Exercise directions: For every record that follows, write out the text exactly and omit the picture, if one is present.

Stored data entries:
┄┄┄┄┄┄

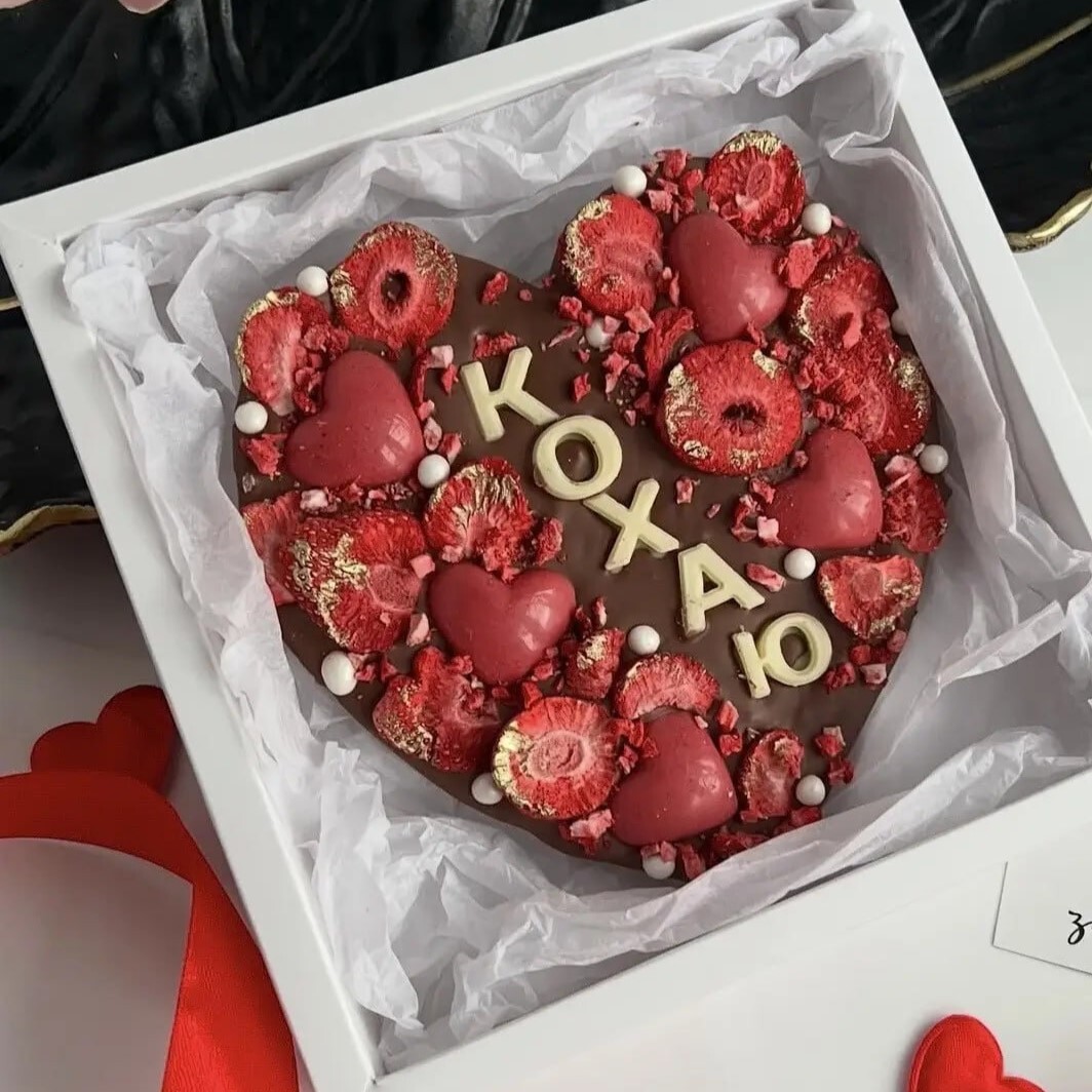 Молочний шоколад з буквами з білого шоколаду, доповнений серцями з горіхами, ягодами та насінням — кожна цукерка з власним смаком і настроєм.🎁
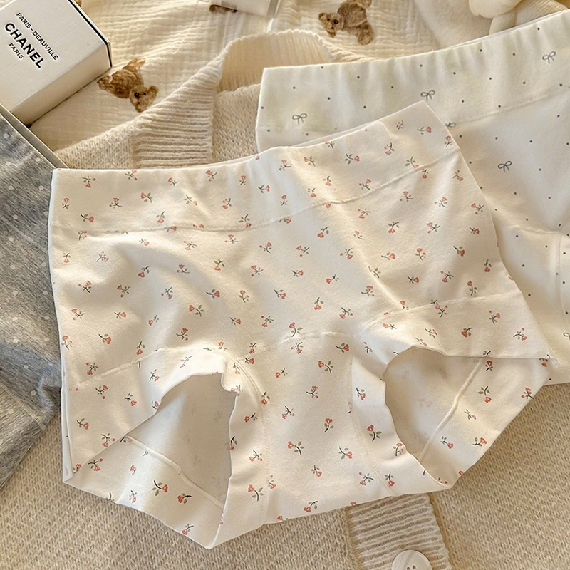 ✨กางเกงชั้นในผู้หญิงไซส์ใหญ่ กางเกงบ็อกเซอร์ เนื้อผ้าคอตตอนแท้ กันโป๊ นุ่ม ใส่สบาย ลายดอกไม้จุด ไม่บีบสะโพก ไม่รัดผิว
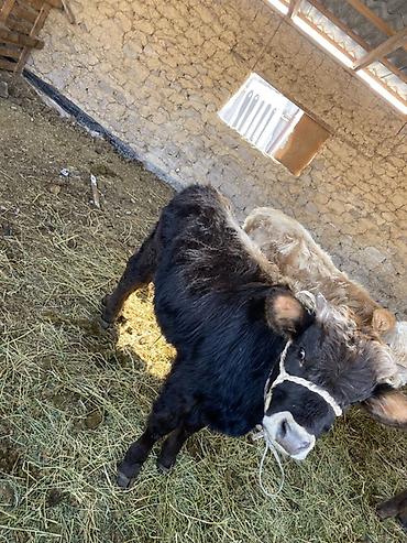 - Возраст визуально — молодые телята; содержатся в отдельном стойле на подстилке из сена.
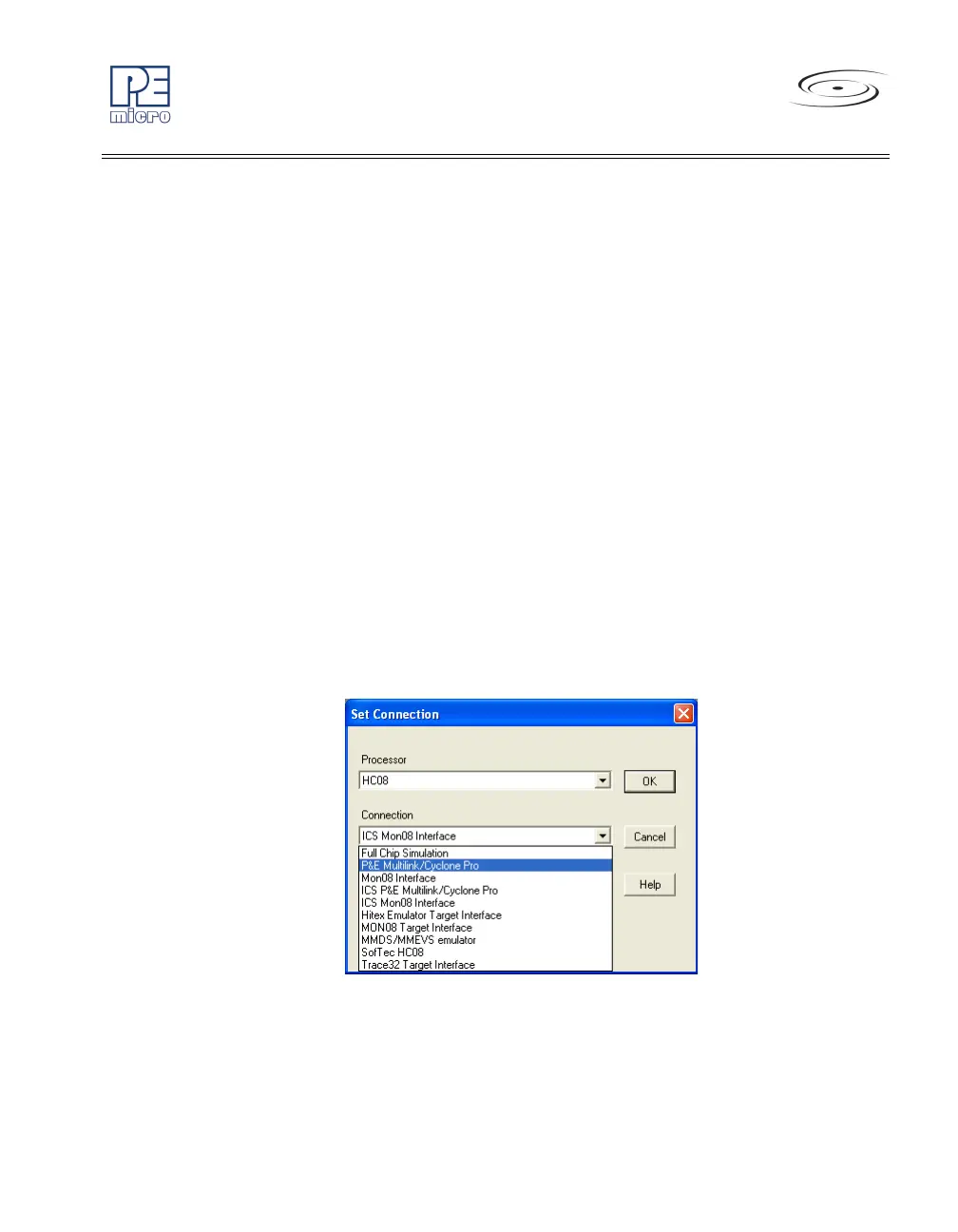 1. Choose the P&E Multilink/Cyclone Pro option from the Set Connec-
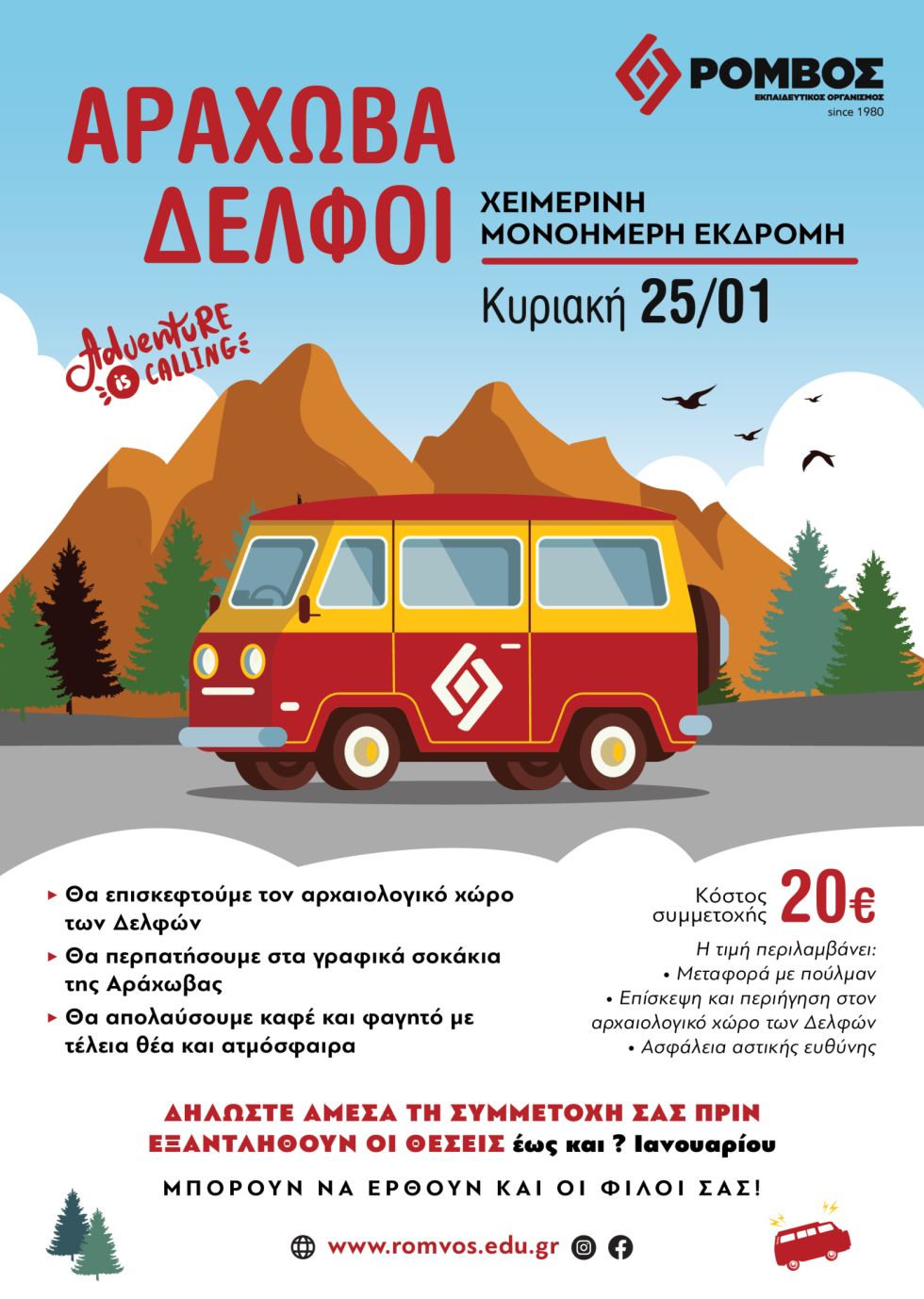 Ο Εκπαιδευτικός Οργανισμός ΡΟΜΒΟΣ διοργανώνει χειμερινή μονοήμερη εκδρομή στην Αράχωβα και τους Δελφούς την Κυριακή 25 Ιανουαρίου.

┄┄┄┄┄┄

The completed task:
 Молочний шоколад з буквами з білого шоколаду, доповнений серцями з горіхами, ягодами та насінням — кожна цукерка з власним смаком і настроєм.🎁
 ✨กางเกงชั้นในผู้หญิงไซส์ใหญ่ กางเกงบ็อกเซอร์ เนื้อผ้าคอตตอนแท้ กันโป๊ นุ่ม ใส่สบาย ลายดอกไม้จุด ไม่บีบสะโพก ไม่รัดผิว
 - Возраст визуально — молодые телята; содержатся в отдельном стойле на подстилке из сена.
 1. Choose the P&E Multilink/Cyclone Pro option from the Set Connec-
 Ο Εκπαιδευτικός Οργανισμός ΡΟΜΒΟΣ διοργανώνει χειμερινή μονοήμερη εκδρομή στην Αράχωβα και τους Δελφούς την Κυριακή 25 Ιανουαρίου.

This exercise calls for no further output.